Monday, October 14, 2013

A Technical Analysis insight in Gold

  
While there have been many attempts to use the movement of price on a chart to predict the direction it will go in the future, most of these suffer from the reality that they are, at best, lagging indicators. A chart stuffed with MACD, Stochastics, Relative Strength Indexes (RSI), Ichimoku Clouds, Bollinger Bands and others is nothing other than a chart that has too much going on – an overcomplicated distraction.

There are one or two indicators that are both uncomplicated and apparently effective, on a statistical basis, although we are convinced that this is not from any inherent ability to predict, but rather because they are closely watched by a large number of traders and so become what might be termed self-fulfilling prophecies. For this to work they must be both simple and objective. They must be capable of easy calculation and, within reason, must be derived from the same data that is available to everyone else.

The 200 period Simple Moving Average (SMA) falls into this category, especially when viewed on the daily chart. So does the idea that higher highs and higher lows constitute an ongoing rising trend, and the opposite situation, lower highs and lower lows, indicate a falling trend. Variations on this theme, such as a series of higher lows even in the absence of higher highs, could also have significance.

The chart above illustrates all of these principles. It belongs to gold priced in US dollars, and the period is mid-2012.

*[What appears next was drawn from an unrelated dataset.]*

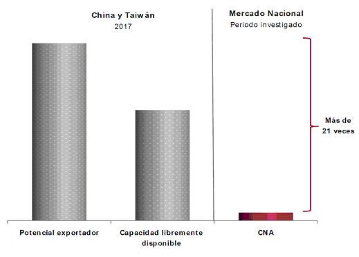 484. Los resultados descritos en los puntos anteriores sustentan que China y Taiwán cuentan de manera conjunta con una capacidad libremente disponible y un potencial exportador, considerables; en relación con la producción nacional y el tamaño del mercado mexicano de la mercancía similar, por lo que una desviación marginal de sus exportaciones podría ser significativa para la producción y el mercado mexicano.
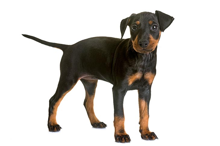 A photo from the internet matches to a tee my puppy, Chase. The AKC notes that it’s easy to recognize a MT, by its tight coat of rich mahogany tan and jet black, head long and wedge-shaped with tan spots above the eyes pointing up a watchful expression. A Manchester’s running motor has good reach in front, with a propulsive rear drive, powered by a muscular caboose.

As can be seen, there was upward pressure on the price of gold during the period leading up to August 10th. An observant trader would have been aware of the higher lows that illustrated this. However, when the 200 day SMA was breached, this trader would have sat bolt upright and would have been very aware of what might happen next. The return to the 200 SMA would have been the signal to enter the market on the long side. If the analysis turned out to be wrong, that trader, who is also a prudent one and who always thinks in probabilities, would have been able to rely on his or her money management techniques to ensure that any loss would have been nothing more or less than the cost of doing business.

After that it would have been “onward and upward” for this trade, with a close eye on the position of each high and each low, relative to the one before it, as the situation progressed.